Somali Security Minister Omar Hashi Aden says planes loaded with weapons from Eritrea arrived last week in Somalia.
The minister says an arms shipment arrived Tuesday, and two more shipments arrived Friday at an airport on the outskirts of Mogadishu," he said. "Aden did not say what the weapons were and to whom they were intended. But he says the government in Asmara is likely to send more because it is determined to undermine Somalia's transitional government by arming groups opposed to it.
Two years ago, a U.N. group monitoring the arms embargo on Somalia reported that between December 2006 and June 2007, Eritrea shipped a huge quantity of arms to al-Shabab in Somalia.
In December 2006, Ethiopia intervened in Somalia to oust the Islamic Courts Union and its radical military wing al-Shabab. The al-Qaida-linked group, which is listed as a terrorist organization by the United States, violently opposed Ethiopia's military presence in Somalia and the secular, weak transitional federal government it backed in Mogadishu.
The monitoring group's report said Eritrea supplied al-Shabab with various weapons, including at least six SA-18 surface-to-air missiles.

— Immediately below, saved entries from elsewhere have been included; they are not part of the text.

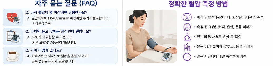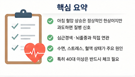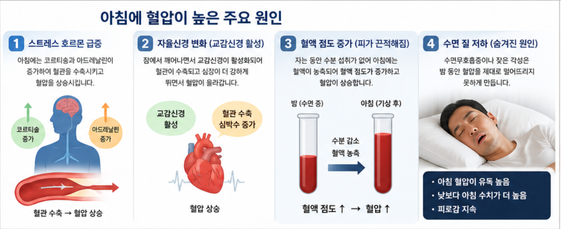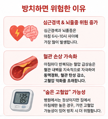 아침에 일어나자마자 머리가 띵하거나, 심장이 두근거리는 느낌을 받은 적 있나요? 특히 건강검진에서 “아침 혈압이 높다”는 이야기를 듣고도 대수롭지 않게 넘기는 경우가 많습니다.
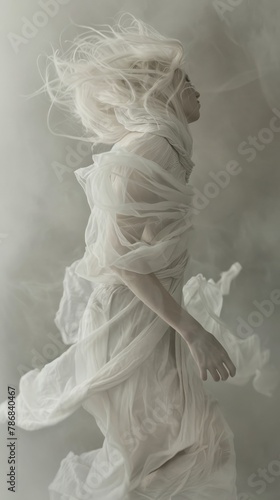 An artistic image capturing a woman mid-movement, her form surrounded by delicate, billowing fabric that adds a sense of ethereal beauty and dynamism
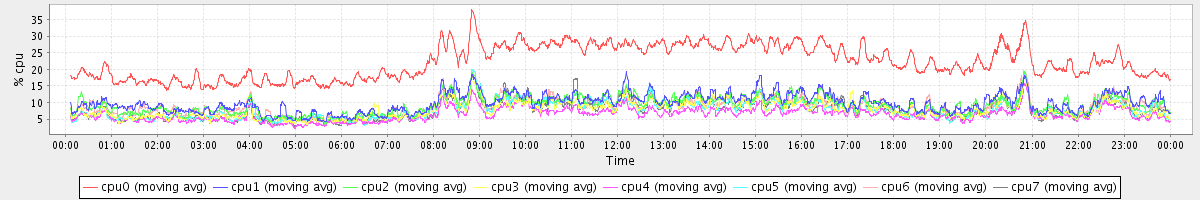 avg(cpu0) = 22.30 avg(cpu1) = 9.83 avg(cpu2) = 9.20 avg(cpu3) = 7.86 avg(cpu4) = 6.35 avg(cpu5) = 7.79 avg(cpu6) = 8.72 avg(cpu7) = 7.69
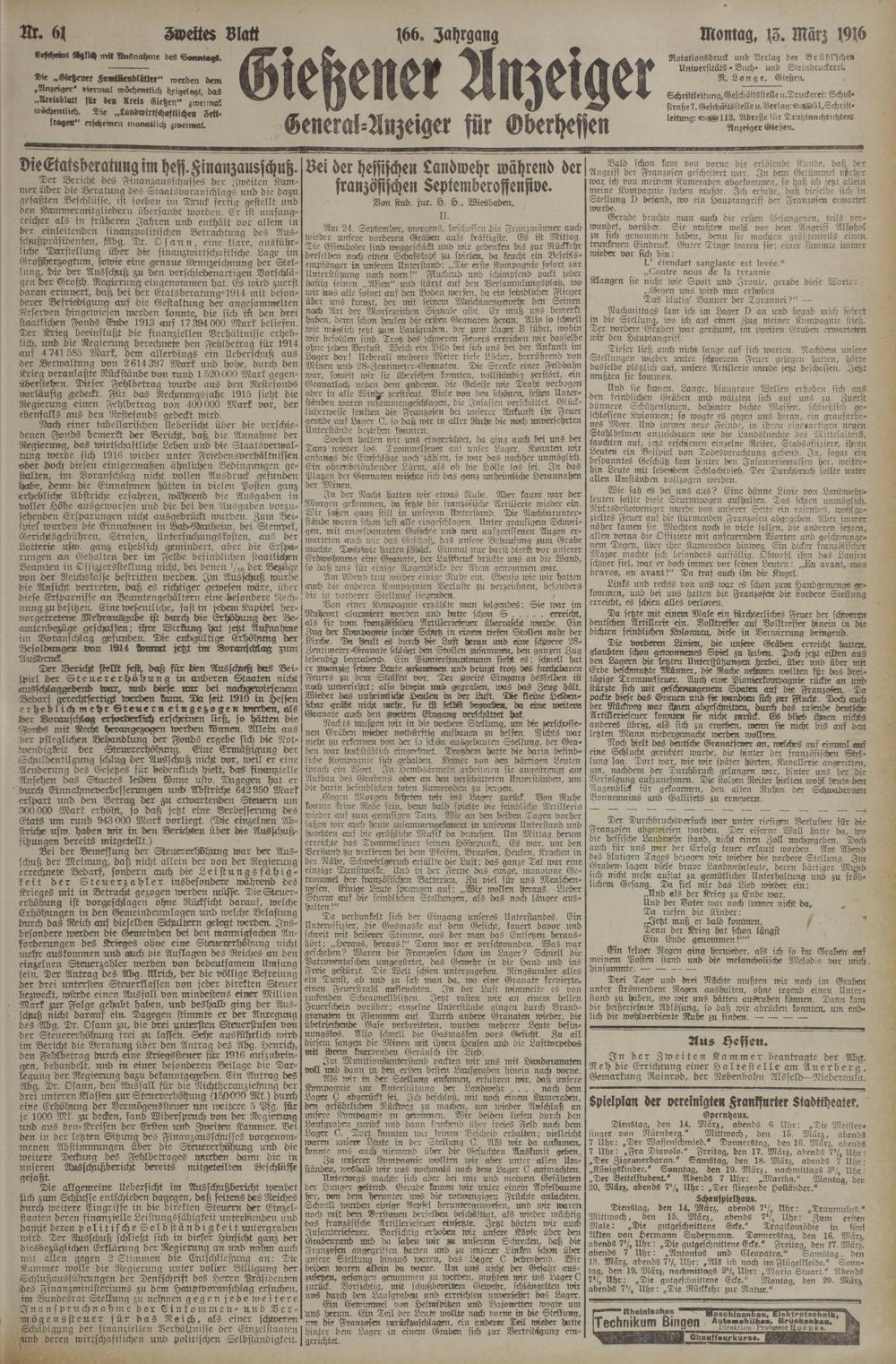 (13.3.1916) Zweites Blatt
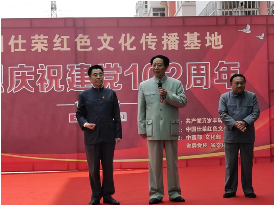 庆祝活动上,红歌高唱,《唱支山歌给党听》《把一切献给党》《毛主席话儿记心上》《我爱你中国》唱出了对党的深情,对毛主席的崇敬,对祖国的挚爱;诗朗诵《七月的赞歌》、新疆舞、男女二重唱、萨克斯伴奏唱给观众带来了美的享受,表达了对党的热爱。特型演员、毛泽东扮演者向东、周恩来扮演者孙福堂、邓小平扮演者顾拥军、蒋介石扮演者陈钊、宋美龄扮演者秦红霞上台表演节目与大家合影留念。著名画家、平恩画院院长贾运华向红色基地捐赠了自己创作的作品,著名红色收藏家、山东济宁井冈燎原博物馆馆长王连福向红色基地捐献了红色藏品,著名书画家高山、贾运华等分别向中国仕荣红色文化传播基地捐赠了书画作品。庆祝活动在全体党员上台举起右拳,在秦红霞带领下,重温入党誓词声中落幕。
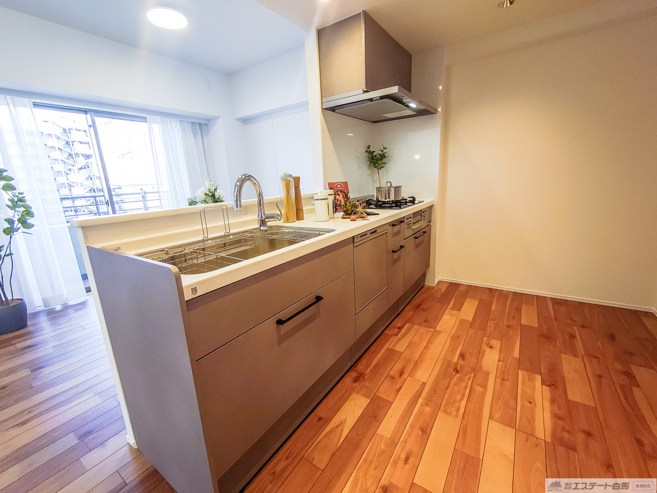 お子様と並んで料理をしても余裕のゆとりのキッチン
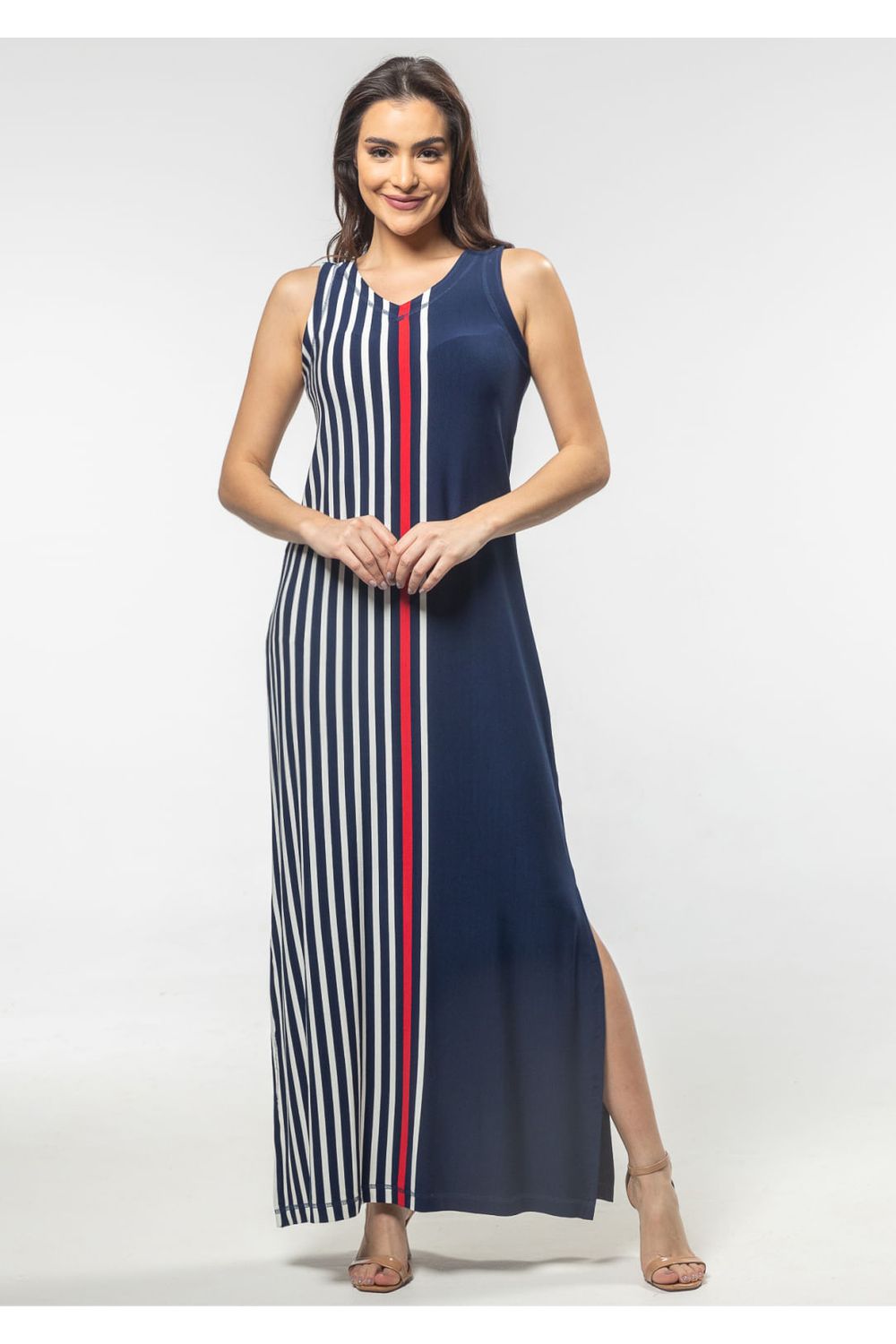 Vestido Longo Pau a Pique Regata listrado Azul Marinho
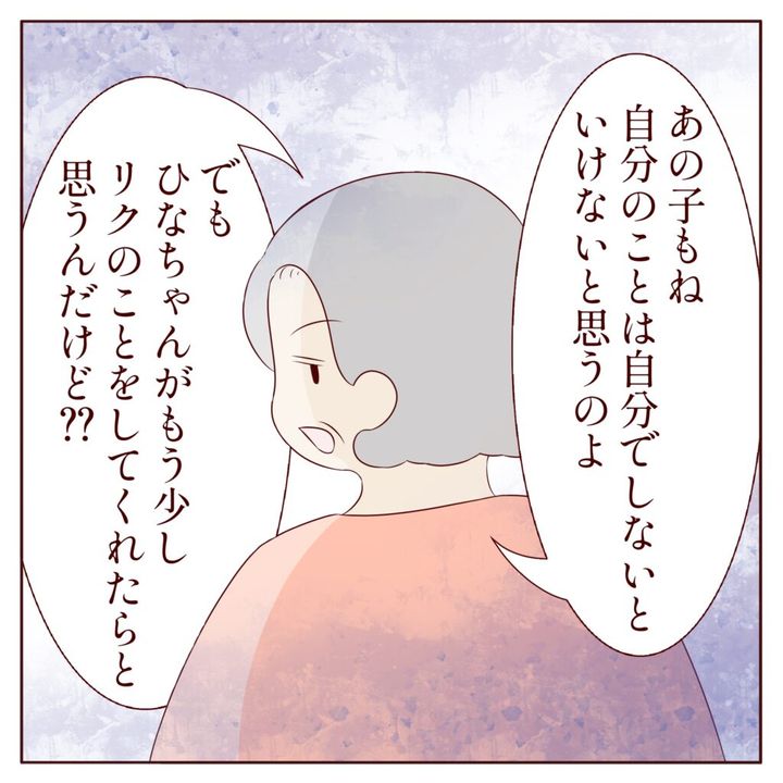 「あの子もね。自分のことは自分でしないといけないと思うのよ。でも、ヒナちゃんがもう少しリクのことをしてくれたらと思うんだけど??」

One of them was used to shoot down a cargo plane in March 2007 at the international airport in Mogadishu.
The Eritrean government dismissed the U.N. report a "total fabrication, falsely trying to show Eritrea was fighting a proxy war against Ethiopia in Somalia." Ethiopia and Eritrea fought a border war to a stalemate from 1998 to 2002 and remain bitter enemies.
Last June, U.N. sponsored talks in Djibouti paved the way for the January withdrawal of Ethiopian troops and the merger of the transitional federal government with a moderate faction of the Alliance for the Re-Liberation of Somalia opposition group led by Sharif Sheik Ahmed.
Al-Shabab and other hard-line Islamist groups, including the hard-line faction of the Alliance for the Re-Liberation of Somalia, say the unity government of President Sharif is a "western stooge." Attacks against the government and its supporters, and a contingent of 4,300 African Union peacekeepers in Mogadishu have continued.
Asked to respond to the latest allegation that the government in Asmara is shipping arms to Somali insurgents, an Eritrean spokesman said his government does not recognize Somalia's unity government and could not comment.